Each line from the one containing "在埃及南部阿斯旺省沙漠腹地的" to the end of the entries below is to be set down exactly; the pictures are not.
====== Data listing ======
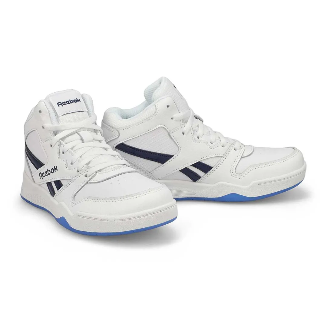 Vintage B-ball vibes for the win. Get all the glory when you lace up the BB4500 Court white/ navy/ ice Hi Strap sneaker from Reebok. Solid OG design is all yours with an extra splash of modern style. Featuring a genuine leather upper with textile lining. Lace closure with hook and loop strap. Designed with a durable rubber outsole.
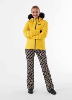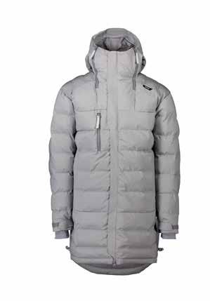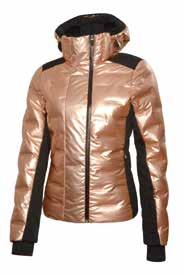 Realizzata in tessuto WD Metal la cui particolarità risiede nell’applicazione esterna della lamina poliuretanica caratterizzata da colorazione metallica. Questa lavorazione garantisce un buon livello di impermeabilità (10.000 colonne d’acqua), protezione dal vento e isolamento termico. L’elevata termocoibenza e la traspirabilità sono garantite da imbottitura in piuma. Il piumino a settori incollati evita la fuoriuscita della piuma e garantisce una maggiore performance di impermeabilità. Le altre caratteristiche: cappuccio regolabile e staccabile tramite zip nella parte posteriore e connector nascosto nella parte frontale del collo; polsini interni con foro ergonomico per il pollice; zip frontale asimmetrica impermeabile con camlock personalizzato; taschino porta ski-pass; fodera personalizzata per schiena e cappuccio; interno collo in confortevole tessuto velour con inserto centrale in soft shell per proteggere dallo sfregamento del casco; ghetta interna staccabile con elastico antiscivolo; regolazione fondo con coulisse interna; stampa Technology Box all’interno del capo.
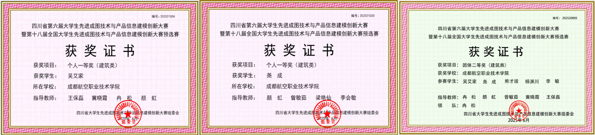 学院以竞赛赋能,锤炼专业匠心。2名学生获“全国大学生先进成图技术与产品信息建模创新大赛”省部级一等奖,5人获省部级团体二等奖,尽显匠心底色。
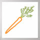A fun outline drawing of a single carrot with typical orange body and green foliage. For fans of carrots - humans AND rabbits!
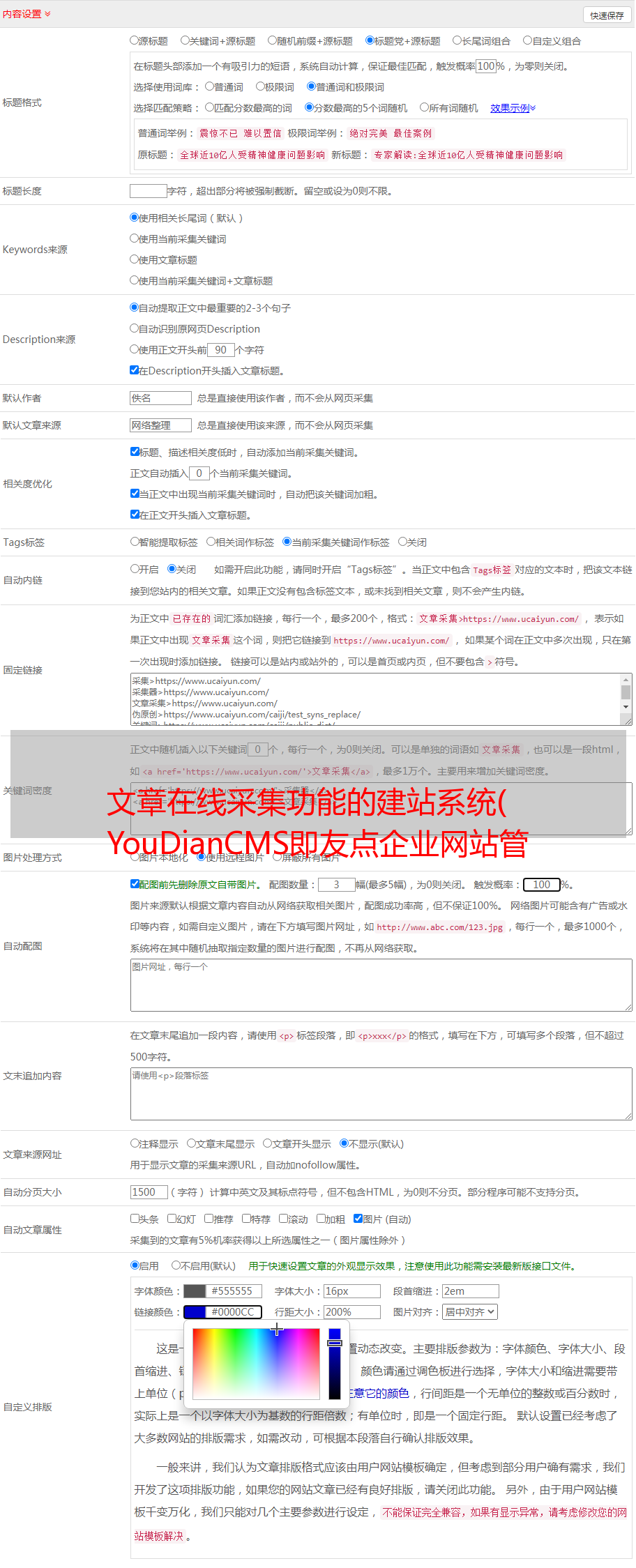 文章在线采集功能的建站系统( YouDianCMS即友点企业网站管理系统集PC站+微网站+多端小程序)
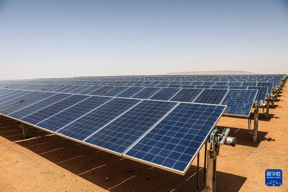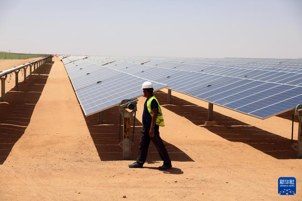 在埃及南部阿斯旺省沙漠腹地的本班光伏产业园内,一排排光伏面板将充沛的光照资源转化为当地居民生产生活离不开的宝贵电能。
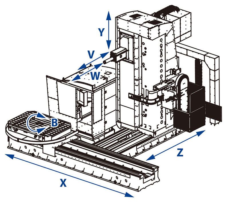 • 機(jī)床配置了直徑130mm的工作鏜軸,同時可以六軸連續(xù)控制(X,Y,Z,W,V和B)。
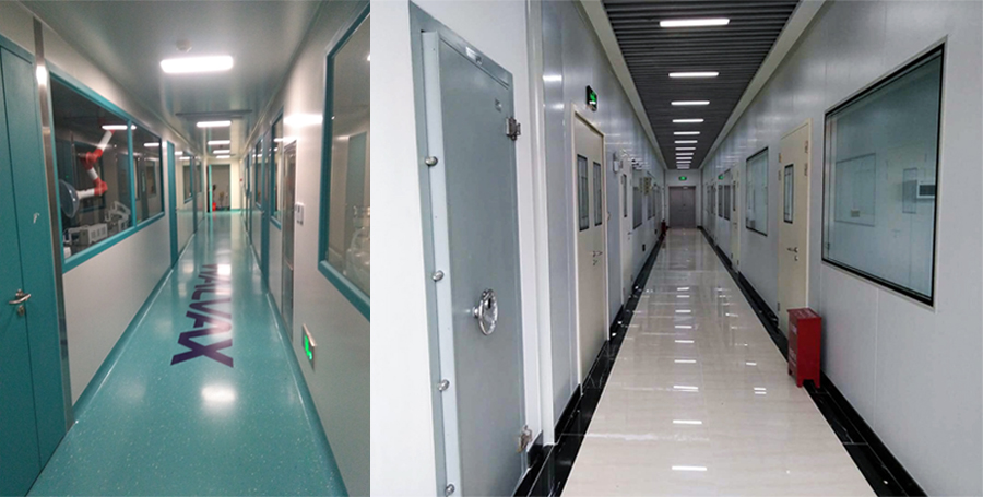 三层过道,实验室墙体为玻镁彩钢板,并设置了观察窗,方便外来参观人员考察、学习。两侧的门采用不锈钢门套,甲级防火子母木门,满足了消防要求的同时也满足了使用功能。顶面采用石膏板加铝方通的形式吊顶,地面为米白色地砖及米黄色地砖波导,整体空间明亮、干净、整洁。
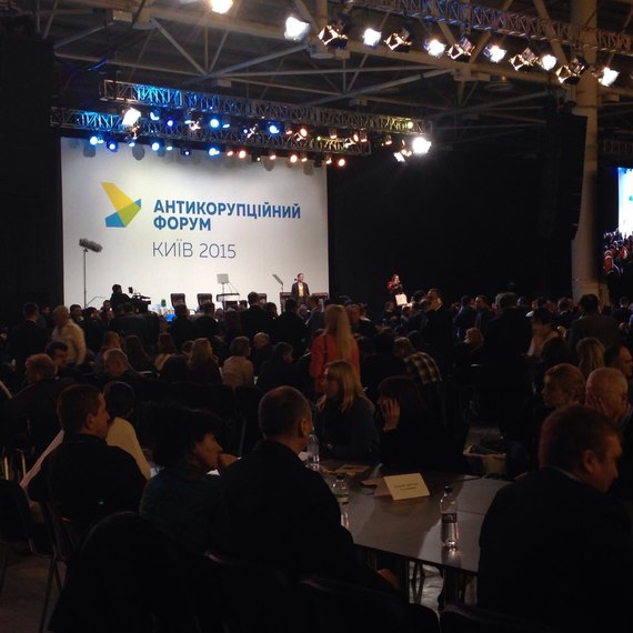 Форум начался, в общем. Светлана Залищук выступает первой. Говорит: необходимо запустить системные изменения в Украине, чтобы коррупция стала невозможной
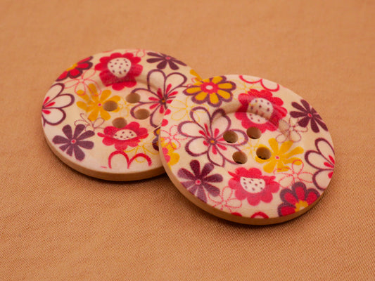 Flower Groovy Colorful Wood Pair of Buttons Various 30mm
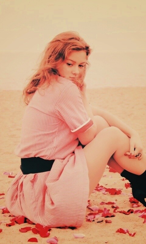 «Девушка среди лепестков на пляже»
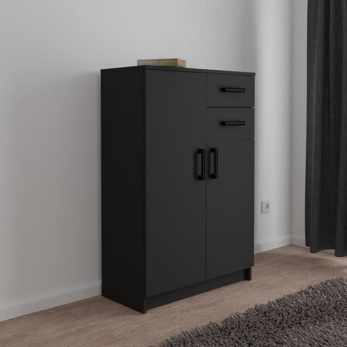 Doskonałym wyborem do pokoju dziennego będzie komoda w kolorze czarnym z serii Posejdon, materiał wykonania to płyta laminowana. Komoda posiada drzwiczki oraz szuflady dzięki czemu ma łatwy dostęp do wnętrza. Komoda dopełni również wystrój salonu, czy przedpokoju, stanowiąc wygodne miejsce do przechowywania mniejszych i większych rzeczy. Mebel do samodzielnego montażu.
======
→ Solution to this problem
 在埃及南部阿斯旺省沙漠腹地的本班光伏产业园内,一排排光伏面板将充沛的光照资源转化为当地居民生产生活离不开的宝贵电能。
 • 機(jī)床配置了直徑130mm的工作鏜軸,同時可以六軸連續(xù)控制(X,Y,Z,W,V和B)。
 三层过道,实验室墙体为玻镁彩钢板,并设置了观察窗,方便外来参观人员考察、学习。两侧的门采用不锈钢门套,甲级防火子母木门,满足了消防要求的同时也满足了使用功能。顶面采用石膏板加铝方通的形式吊顶,地面为米白色地砖及米黄色地砖波导,整体空间明亮、干净、整洁。
 Форум начался, в общем. Светлана Залищук выступает первой. Говорит: необходимо запустить системные изменения в Украине, чтобы коррупция стала невозможной
 Flower Groovy Colorful Wood Pair of Buttons Various 30mm
 «Девушка среди лепестков на пляже»
 Doskonałym wyborem do pokoju dziennego będzie komoda w kolorze czarnym z serii Posejdon, materiał wykonania to płyta laminowana. Komoda posiada drzwiczki oraz szuflady dzięki czemu ma łatwy dostęp do wnętrza. Komoda dopełni również wystrój salonu, czy przedpokoju, stanowiąc wygodne miejsce do przechowywania mniejszych i większych rzeczy. Mebel do samodzielnego montażu.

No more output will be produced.